Small fix.  Please review Jon/JD

> Split report before we finish parent region open; workaround till 0.92; Race between split and OPENED processing
> ----------------------------------------------------------------------------------------------------------------
>
>                 Key: HBASE-3671
>                 URL: https://issues.apache.org/jira/browse/HBASE-3671
>             Project: HBase
>          Issue Type: Bug
>            Reporter: stack
>         Attachments: 3671.txt
>
>
> This issue is about adding a workaround to 0.90 until we get proper fix in 0.92 (HBASE-3559).
> Here is the sequence of events:
> 1. We start to process OPENED region event.
> 2. We receive a SPLIT of this region report.
> 3. SPLIT processing offline the region and onlines daughters.
> 4. Metascanner runs and clears out the region from .META. deleting it
> 5. The OPENED handler runs.  Marks the region online in Master memory.

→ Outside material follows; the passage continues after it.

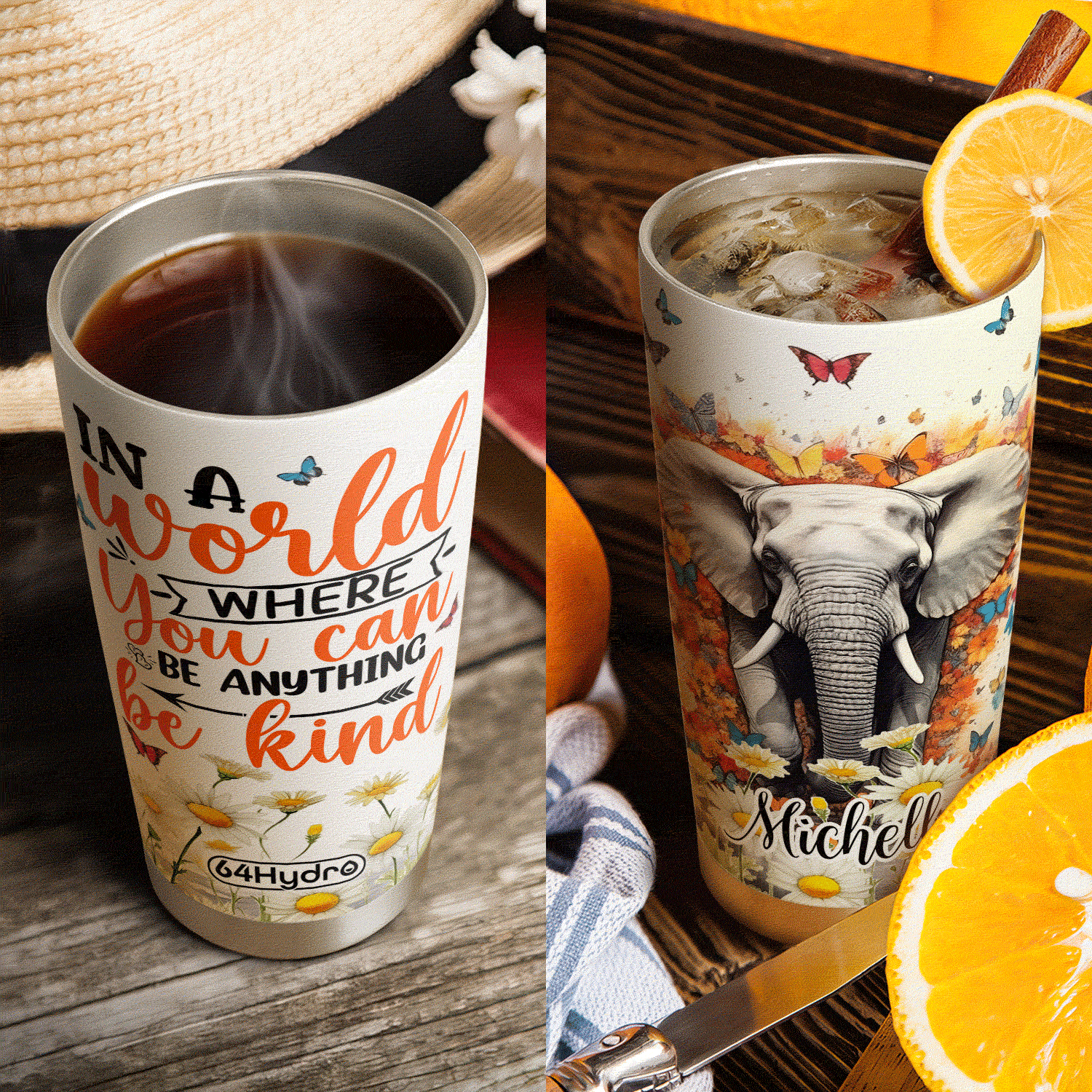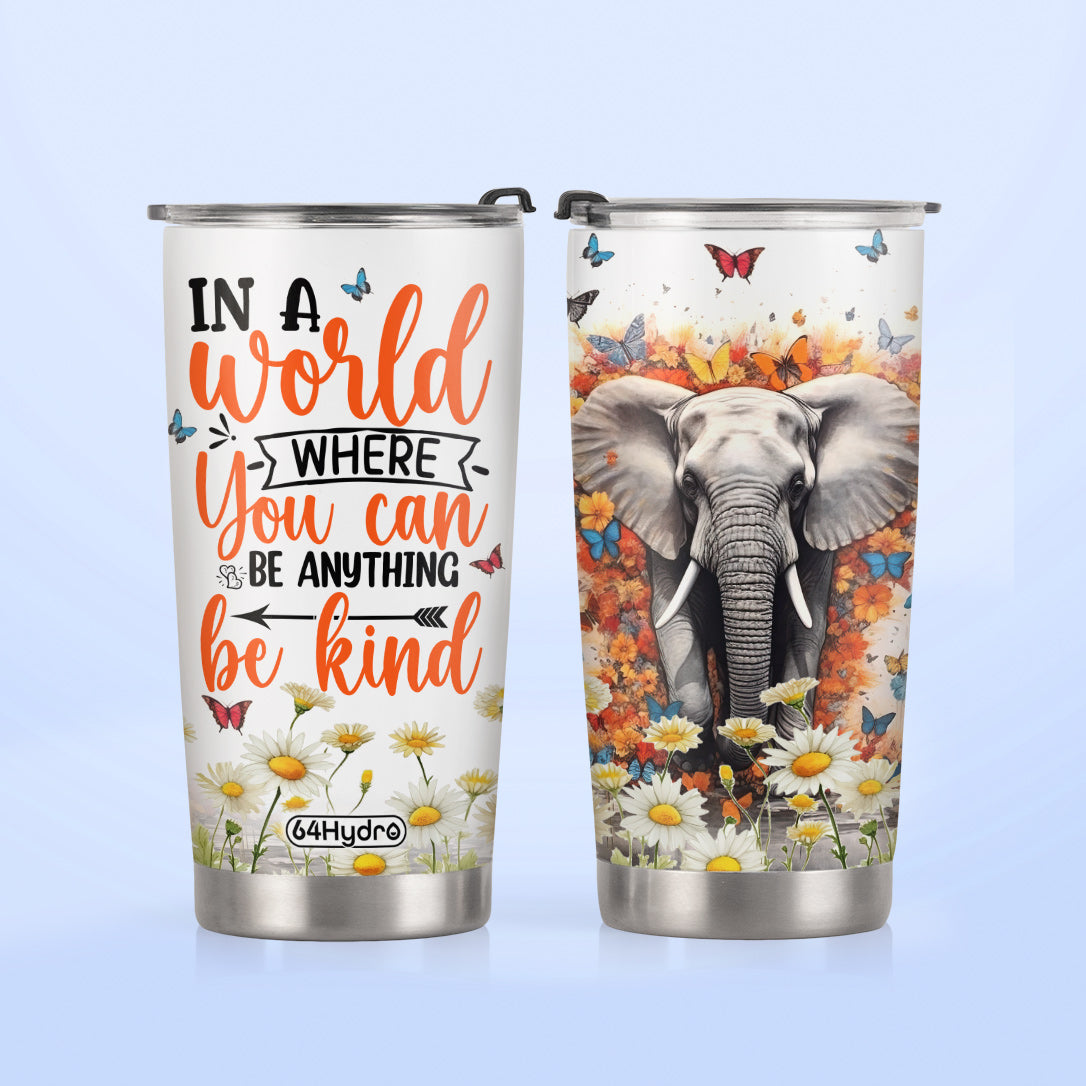 Product Name: In A World Where You Can Be Anything Be Kind Daisy Elephant HHLZ280623419 Stainless Steel Tumbler

> 6. Balancer runs.  Trys to balance a region that has been deleted.
> Loops for ever.
> Here is excerpt from logs.  It happened during startup, lots going on.  Could happen on regionserver crash I suppose, maybe, but we're susceptible during cluster start:
> {code}
> # We assign the region
> 2011-03-16 15:18:29,053 DEBUG org.apache.hadoop.hbase.zookeeper.ZKAssign: master:60000-0x22e286f0b9c98f1 Async create of unassigned node for 3516b74d0c9d4458c2f2f715249e3f78 with OFFLINE state
> ...
> 2011-03-16 15:18:32,298 DEBUG org.apache.hadoop.hbase.master.AssignmentManager$CreateUnassignedAsyncCallback: rs=tsdb,\x00\x042McZ@\x00\x00\x01\x00\x00G\x00\x00\x0C\x00\x00f\x00\x00\x15\x00\x00\xA9\x00\x00(\x00\x03\x07,1299401073466.3516b74d0c9d4458c2f2f715249e3f78. state=OFFLINE, ts=1300313909053, server=sv4borg39,60020,1300313564807
> ...
> 2011-03-16 15:18:32,732 DEBUG org.apache.hadoop.hbase.master.AssignmentManager$ExistsUnassignedAsyncCallback: rs=tsdb,\x00\x042McZ@\x00\x00\x01\x00\x00G\x00\x00\x0C\x00\x00f\x00\x00\x15\x00\x00\xA9\x00\x00(\x00\x03\x07,1299401073466.3516b74d0c9d4458c2f2f715249e3f78. state=OFFLINE, ts=1300313909053
> ...
> 2011-03-16 15:23:02,114 DEBUG org.apache.hadoop.hbase.zookeeper.ZooKeeperWatcher: master:60000-0x22e286f0b9c98f1 Received ZooKeeper Event, type=NodeDataChanged, state=SyncConnected, path=/prodjobs/unassigned/3516b74d0c9d4458c2f2f715249e3f78
> ...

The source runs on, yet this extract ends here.